Jeremy Corbyn started strongly on the attack on the Tories’ plans for education, and he continued in that vein throughout today’s prime minister’s questions. Theresa May’s approach to education has been criticised from all quarters, and the Tories, unlike Labour, are hugely divided both on the new approach to funding and the expansion of grammar schools.
Corbyn’s first question, also had the benefit of attaching the Conservative’s approach to funding with their cuts to taxes for the wealthiest. Without the latter, it could be described as merely the tough choices needed to be fiscally prudent in hard times. Instead, this wording shows when there’s the option to help the many, or to help their rich mates, the Tories always go for the wealthy.
Corbyn was on the ball with quips too today. He made a veiled reference to the absurdity of George Osborne’s appointment as Evening Standard editor, saying “No wonder even the editor of the London Evening Standard is up in arms about this”. The former chancellor reportedly does not approve of breaking the Tory manifesto pledge to not reduce schools funding, which May is pursuing.
He repeated his “I want a staircase for all not a ladder for the few” line from last week, with which he means a better approach to social mobility where everyone is advanced – not just a few at the expense of everyone else. I’m yet to be convinced this is the neatest soundbite to sum up the argument, but his point here is sound.
The Tories division, and the self-described “liberal Conservative” Nicky Morgan, education secretary under David Cameron, cross-party article standing against grammar schools was also brought up by the Labour leader. Focussing on the Tories’ lack of unity on this is important – with May’s small majority, a few rebels from the government’s benches is enough to ensure that a policy isn’t passed. If May really continues to push on grammars without listening to these backbenchers, she is at risk of losing the ability to pass the legislation in the commons.
You could tell that May had run out of arguments and Corbyn was getting under her skin when she, after Corbyn has described her grammar schools as mere “vanity project”, ridiculed him for having gone to one.
I am unsure how much the leader of the opposition can be blamed for the choices of his parents when he was a minor, but that was the level of argumentation from May today.

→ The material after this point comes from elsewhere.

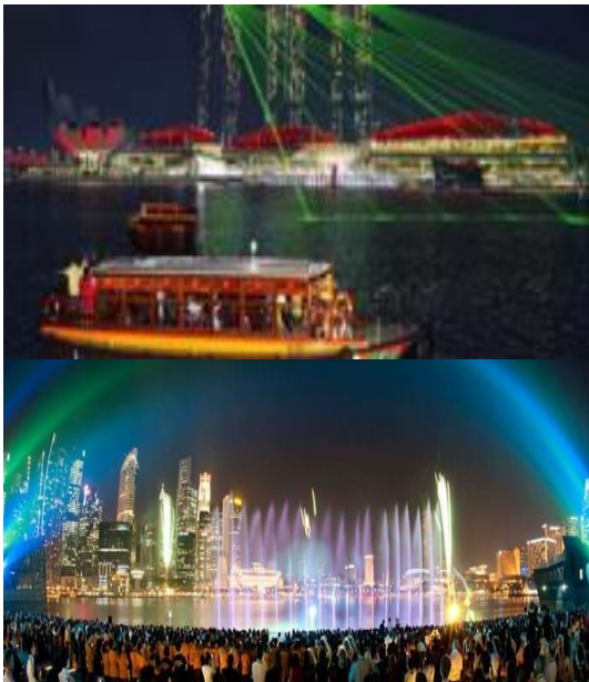
ลานที่นั่งหันหน้าออกทางอ่าว Marina

จากนั้นนำท่าน เปิดประสบการณ์กับการเดินทางแสนพิเศษ นั่งเรือแบบคลาสสิกโบราณที่เป็นเอกลักษณ์ของประเทศสิงคโปร์ หรือที่เรียกว่า Bumboat ล่องเรือชมสถานที่ไฮไลท์ของสิงคโปร์ และเก็บภาพสวยๆจากมุมมองแม่น้ำ เช่น เมอร์ไลออน, สะพานเกลียว Helix Bridge, อาคารรูปเรือ มารินาเบย์ แซนด์ เป็นต้น จะใช้เวลารอบละประมาณ 40 นาทีด้วยกัน (รวมค่าบริการ Bumboat)

Winner of backbench zinger of the week goes to Lillian Greenwood, who after laying out the IFS’s findings that show how many schools are coming in for cuts as a result of May’s plans, asked May “Every single school in my constituency will lose an average of £584 per pupil. Has she failed at maths or failed to read her own manifesto?”
Siobhain McDonagh also asked an important question, on homelessness facing a constituent of hers – who as a working single parent could only be offered accommodation in Birmingham – such is the lack of affordable housing in Greater London.
Overall, this was a PMQs that exposed the Tories’ fault lines – on an issue that Labour is united on, education. After a week beset by infighting, it was welcome.